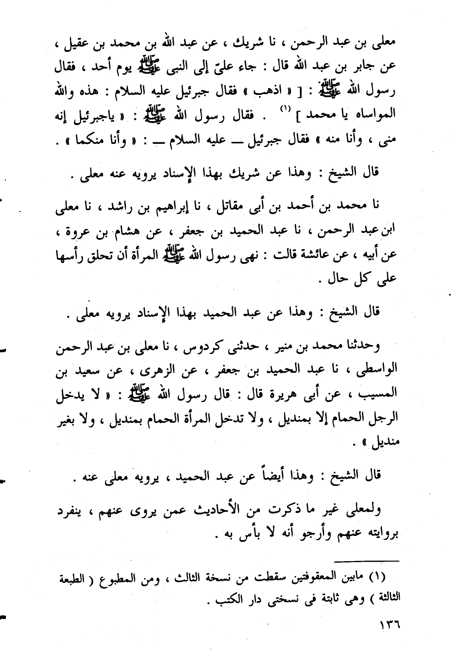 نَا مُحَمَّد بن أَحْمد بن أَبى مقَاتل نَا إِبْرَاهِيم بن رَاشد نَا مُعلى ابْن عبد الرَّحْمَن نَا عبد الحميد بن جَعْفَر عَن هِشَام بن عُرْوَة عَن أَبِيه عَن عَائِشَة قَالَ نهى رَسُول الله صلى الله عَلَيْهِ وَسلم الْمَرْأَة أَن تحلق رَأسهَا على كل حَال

---

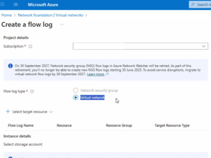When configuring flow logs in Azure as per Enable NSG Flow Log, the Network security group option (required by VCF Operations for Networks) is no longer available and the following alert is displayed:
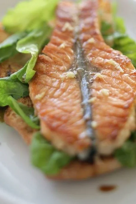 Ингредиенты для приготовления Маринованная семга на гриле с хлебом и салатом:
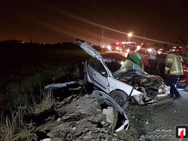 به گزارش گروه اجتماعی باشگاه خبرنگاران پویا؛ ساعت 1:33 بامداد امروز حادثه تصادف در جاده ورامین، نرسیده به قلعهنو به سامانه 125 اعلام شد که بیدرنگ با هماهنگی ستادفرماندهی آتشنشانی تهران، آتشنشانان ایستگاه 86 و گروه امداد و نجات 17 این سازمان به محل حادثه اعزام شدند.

--

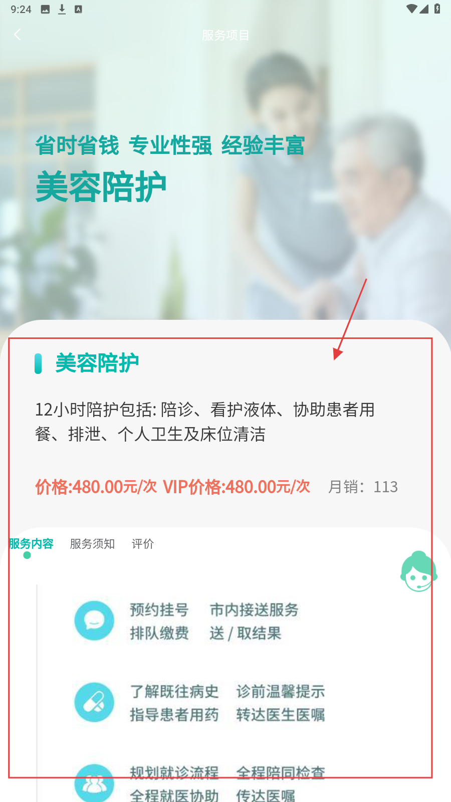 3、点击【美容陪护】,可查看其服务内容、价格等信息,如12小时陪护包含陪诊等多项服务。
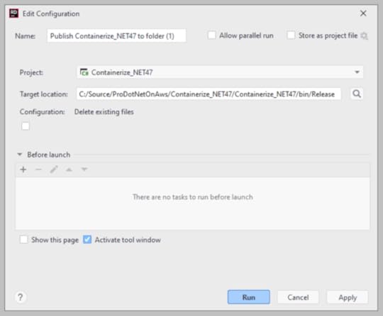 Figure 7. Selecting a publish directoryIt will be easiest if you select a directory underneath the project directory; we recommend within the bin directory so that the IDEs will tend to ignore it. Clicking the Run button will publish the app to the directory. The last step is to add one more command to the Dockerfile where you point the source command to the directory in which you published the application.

## TASK GOAL
Within the listing above, copy exactly the lines that start at the one with "When configuring flow" and continue through the one with "به گزارش گروه". Omit pictures.

## COMPLETED EXERCISE
When configuring flow logs in Azure as per Enable NSG Flow Log, the Network security group option (required by VCF Operations for Networks) is no longer available and the following alert is displayed:
 Ингредиенты для приготовления Маринованная семга на гриле с хлебом и салатом:
 به گزارش گروه اجتماعی باشگاه خبرنگاران پویا؛ ساعت 1:33 بامداد امروز حادثه تصادف در جاده ورامین، نرسیده به قلعهنو به سامانه 125 اعلام شد که بیدرنگ با هماهنگی ستادفرماندهی آتشنشانی تهران، آتشنشانان ایستگاه 86 و گروه امداد و نجات 17 این سازمان به محل حادثه اعزام شدند.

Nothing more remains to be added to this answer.